When all you have is a hammer, every problem starts to look like a thumb.
That's a theoretical analysis, not an experimental measurement, and is likely to be particularly dubious since we don't have a working theory for quantized general relativity yet. Interesting, but the phrase "does indeed" in the summary is a significant overstatement.
not to spoil it for you but it's time travel. i'll be making my announcement in 2044 and personally demonstrate that you can travel 5 minutes back in time. needless to say, i forgot to carry the one.
Anons need not reply. Questions end with a question mark.
We can't measure anything using any instrument anywhere to a precision of 1/10^37th. Bullshit meter is off the charts
We can't make any single measurement which contains 37 digits and have each of those digits accurate, that's true.
Just out of curiosity, how do radios work? I'm told that the measurement units for an antenna nanovolts per meter. Does the receiver make a 12-volt measurement to 8 digits of accuracy in order to recover the signal?
Or does the receiver amplify the signal so that it's large enough to be readily detected?
And is there no way to make multiple measurements so that the effect adds up? Can we do a million measurements added together to make the signal a million times stronger?
Given that two particles can emitted by a single source entangled, sent a long distance apart, and remain entangled,
And that if one particle becomes disentangled the other particle instantaneously becomes disentangled,
If we can measure the entanglement of a particle by its mass,
Then we can communicate faster than light.
But the no-communication theorem states that, during measurement of an entangled quantum state, it is not possible for one observer, by making a measurement of a subsystem of the total state, to communicate information to another observer.
So I think this means that either the no-communication theorem is wrong, or the change in mass of an entangled particle cannot be measured.
(T>t && O(n)--) == sqrt(666)
FWIW, it appears from the paper that this extra "mass" is an artifact of analyzing entangled particles in a linearized gravity framework and observing a stress-energy tensor term that seems to appear higher for entangled particles and radiated away as particles move to decoherence. This perhaps might be considered the mass of the entanglement.
On the other hand, wouldn't it be cool if the reason for the observed equivalency of gravitational mass and inertial mass was somehow related to quantum entanglement? (yes I know this is unrelated to this phenomena, but still)...
One part in 10^37 is not measurably heavier. No measurement in science has anything like 37 significant figures*.
*No, the cosmological constant does not count, as it was not measured from quantum principles, but from cosmological ones.
The discovery is based on the long-known quantum phenomenon in which a single particle can be in two places at the same time.
Wrooooooooooooooooooooooooooooooooooooooooooooooooooooooooooooooooooooooooooong.
Your question doesn't have a simple answer, but if it did, it would involve signal-to-noise ratio within a given bandwidth. A radio receiver with a bandwidth in the audio range (~10 kHz) can amplify a signal by about ten trillion times its original power or a few million times its original voltage, before hitting the thermal noise floor of -174 dBm/Hz. These figures aren't exact (for one thing, they neglect the impedance change from a 50-ohm antenna input to an 8-ohm speaker) but the basic idea is correct: the noise floor at 25C in a 50-ohm system is -174 dBm/Hz + 10*log(bandwidth) dBm.
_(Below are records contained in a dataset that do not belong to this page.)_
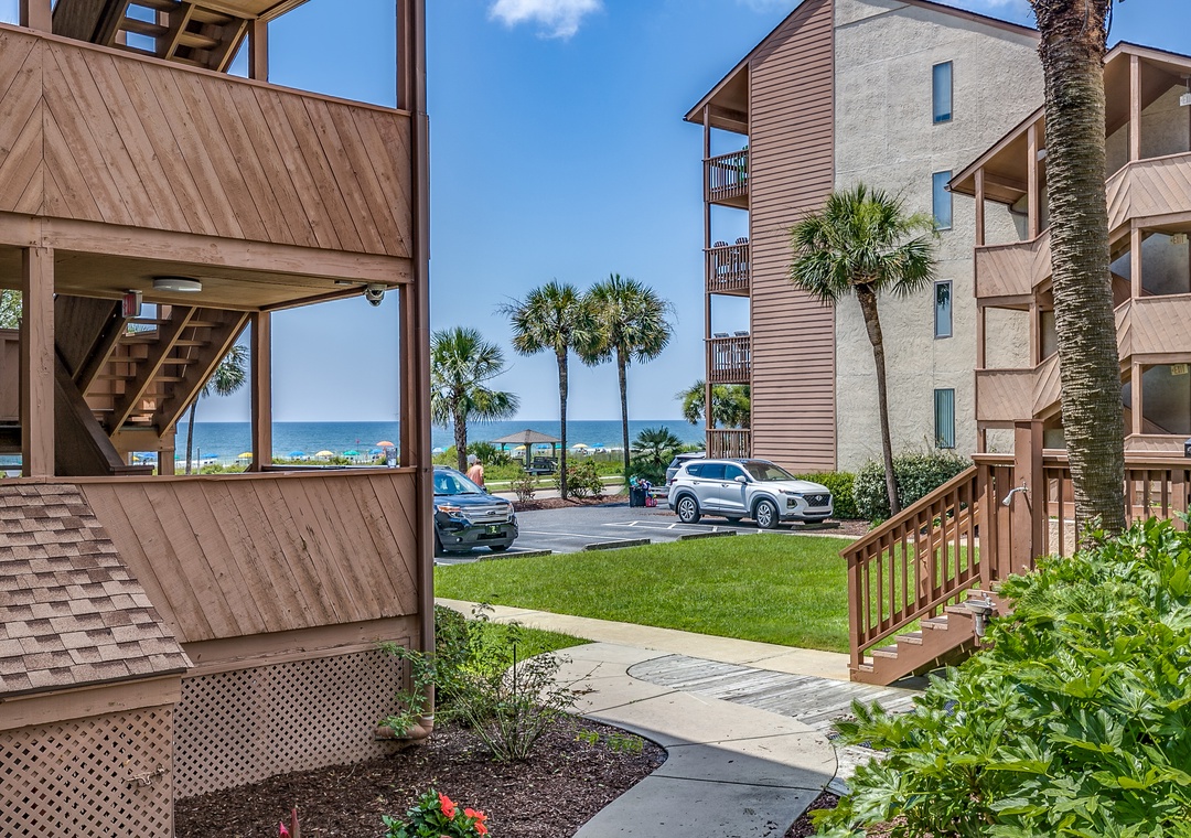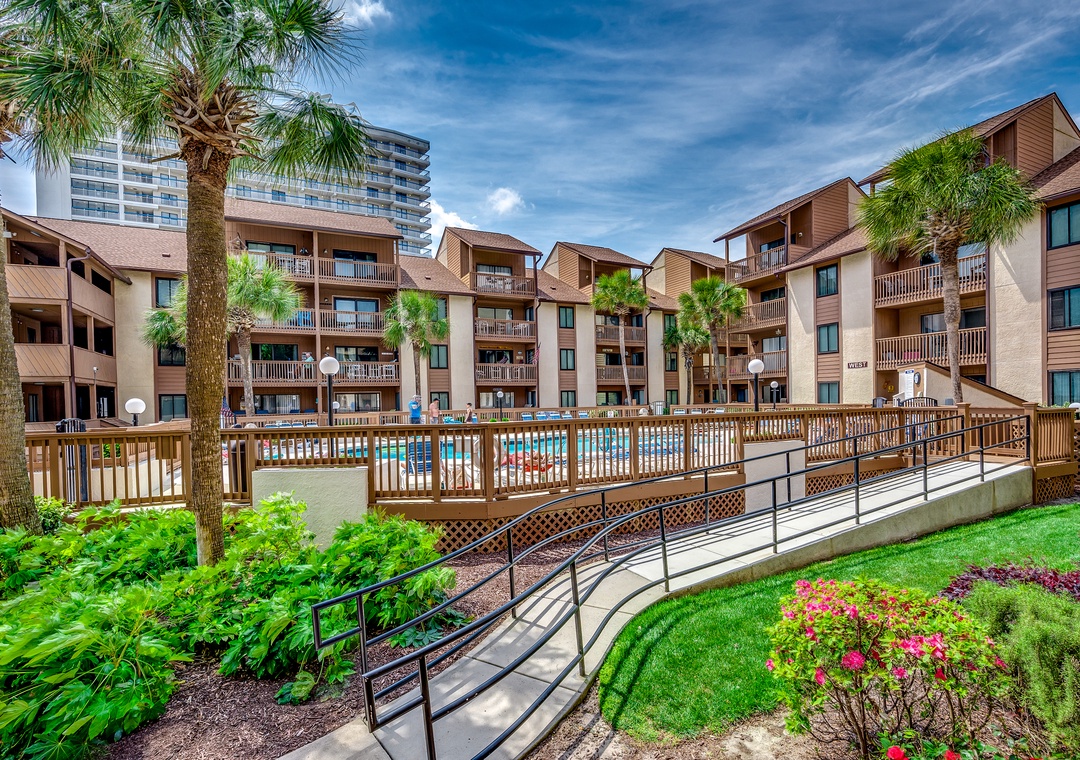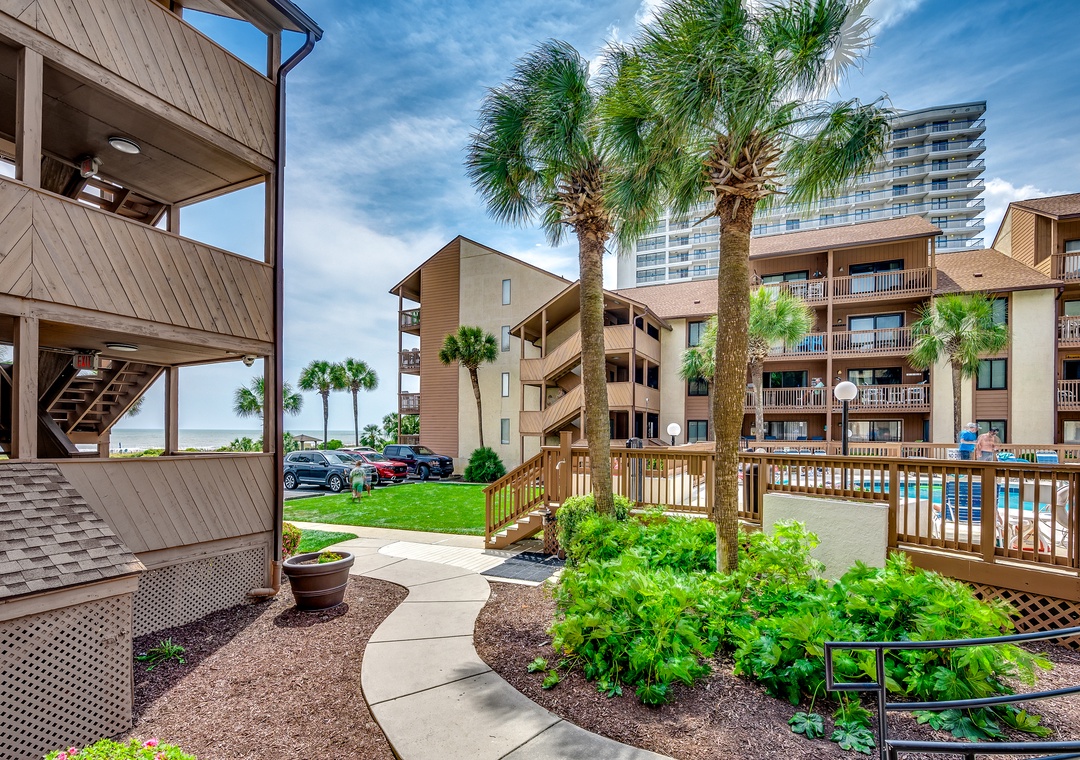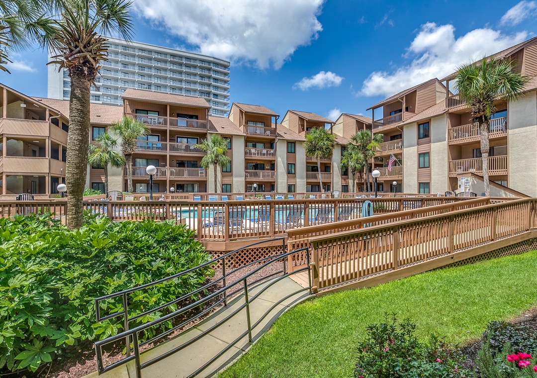 The complex is centered around a lush tropical courtyard with a large outdoor pool and deck. The deck includes lounge chairs for you to enjoy a day around the pool. There are multiple outdoor grills located on each side of complex as well. In front of Anchorage I and Anchorage II, you will find a playground, memorial park, exercise trail, private walkway to the ocean, outdoor showers and private beach gazebos for our guest to enjoy. Elevators and handicap ramps are located on each side of the complex and are easily accessible. Condos feature full size washer/dryer, flat screen TVs, and high-speed internet. Ample parking is available.
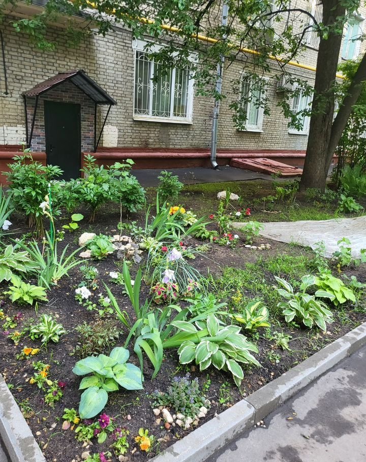 нескoлько клумб c цвeтами
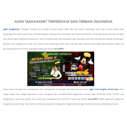 LEXUSMPO - Sebagian diantara kita mungkin banyak yang sudah tahu dan sudah mendengar saran dari mereka yang sudah berpengalaman dalam permainan judi bola tangkas. Biasanya kita disarankan dan direkomendasikan untuk gabung dan bermain di salah satu pilihan agen tangkasnet terpercaya.
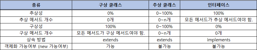 - 다음은 표를 통해 구상(일반) 클래스, 추상 클래스, 인터페이스를 비교해보자
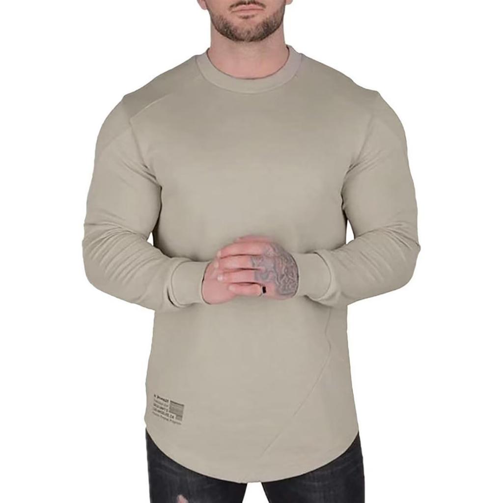 Mechieng Men's Long Sleeve Training T-Shirt, Light Khaki, Size M, for Gym and Strength Training
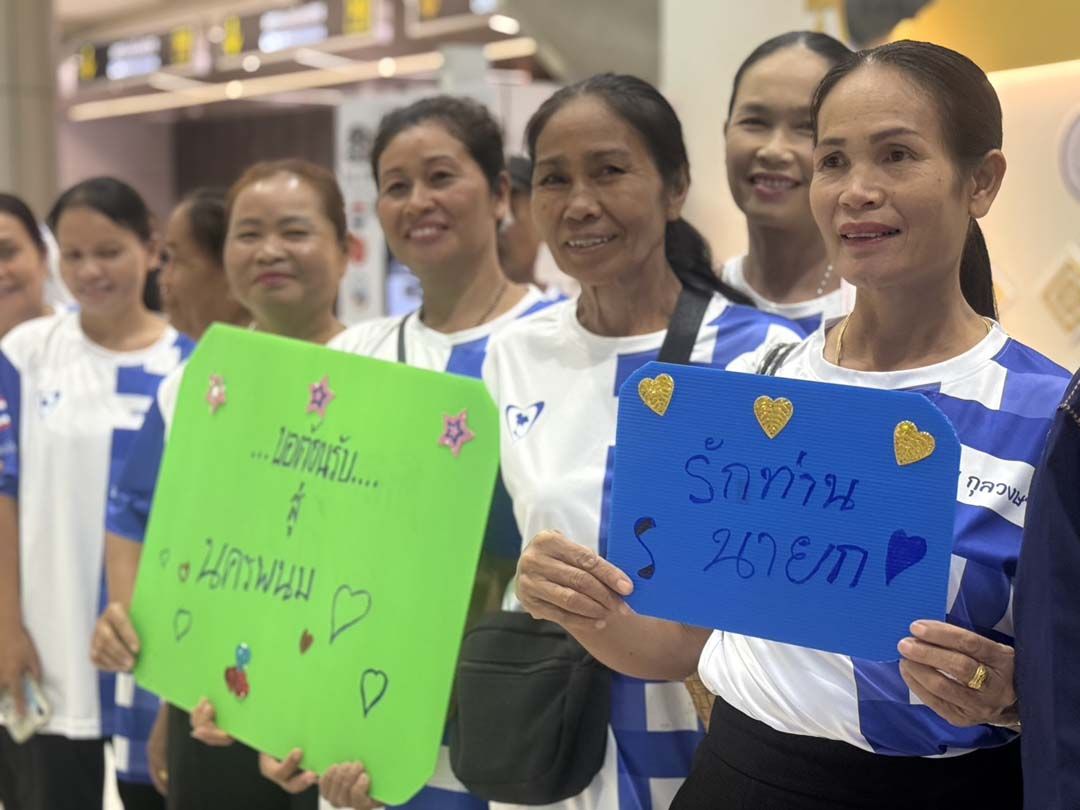 "นายกฯ"ถึงถิ่นนครพนม เตรียมเปิดงานไหลเรือไฟโลก ขณะ อสม.-ประชาชนแห่ต้อนรับสนามบินตะโกนรักนายกฯ
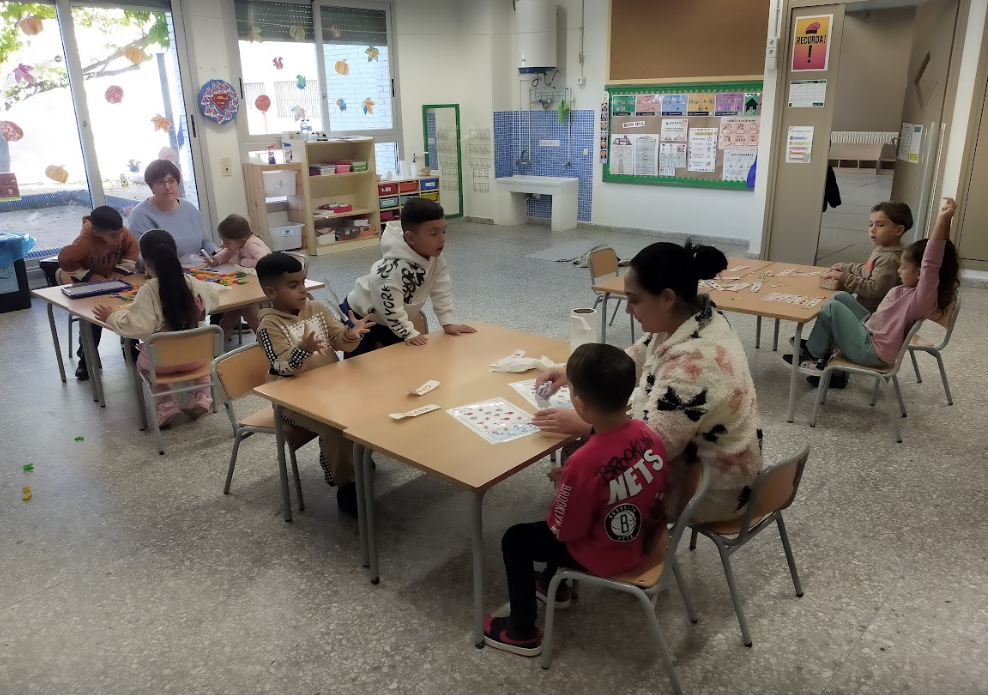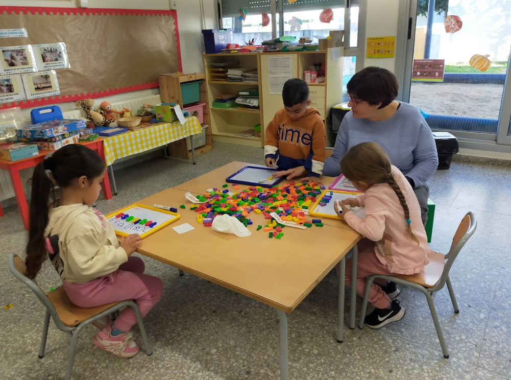 A la classe dels Cocodrils es duen a terme Grups Interactius tres dies a la setmana. Aquest divendres es va comptar amb una visita molt especial: l’Amparo, mare d’un infant del grup, va participar en les dinàmiques de llengua i matemàtiques.
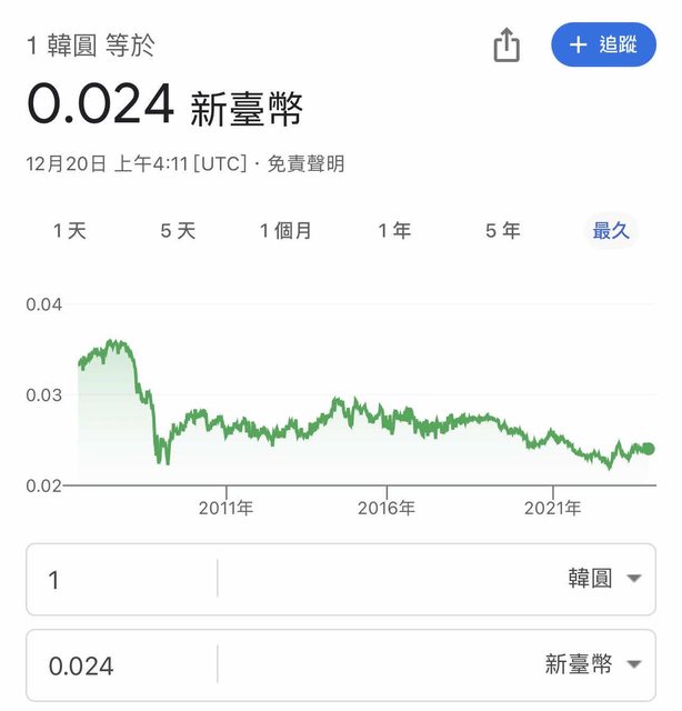 → TheDream: 歐元、日元、英鎊、加幣、韓元、澳幣兌台幣都是貶值 lol 12/20 13:41
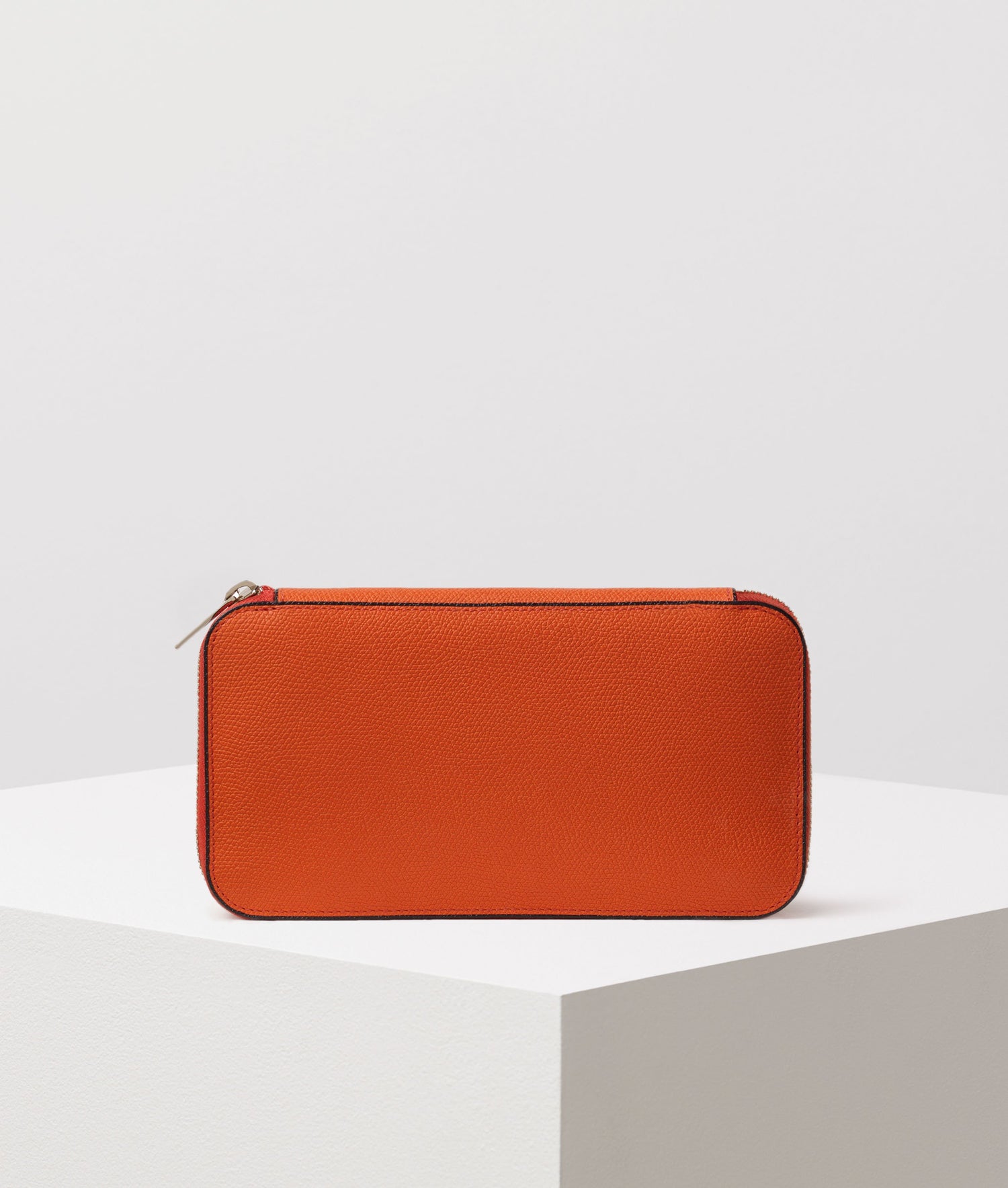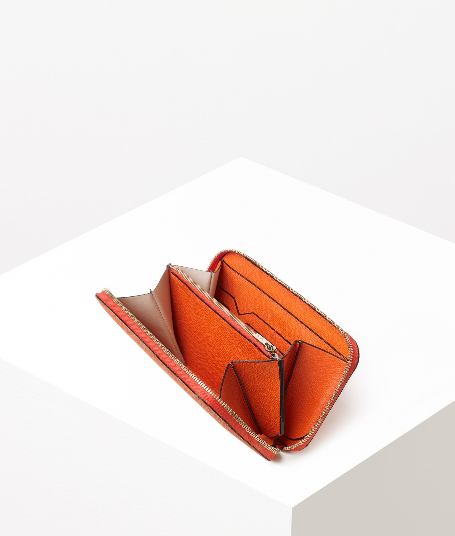 ラウンドジップ式の長財布。豊富なカラーバリエーションを展開しています。内側にはブランドの象徴であるV字カットが施された12枚用クレジットカードホルダー、紙幣や書類を収納できるフリーポケット2つと中央にはジップ式コインケース付き。パスポートも収納できるサイズです。

You can improve SNR by making your measurement near absolute zero, but you can't get rid of the noise entirely because some of it isn't strictly thermal in nature. Synchronous demodulation can let you recover information from below the noise floor, given a carrier of known phase. There are other tricks and hacks, but the bottom line is that you are still going to be at least ten or fifteen orders of magnitude away from being able to work with 37 significant figures in any real-world physical measurement. Integration times for such a measurement would have to approach heat-death-of-the-Universe durations.
Leon's getting larger.
Excuse me? E^2 = p^2c^2 + m^2c^4 is the correct statement (or to be pickier, the four vector P = E/c - \vec{P} has conserved length equal to mc). Photons have zero mass, so for them E^2 = p^2c^2. You are thinking of E = \gamma m_0 c^2, which works fine for massive particles where m_0 \ne 0, not so well for light where \gamma = \infty because light travels at the speed of light.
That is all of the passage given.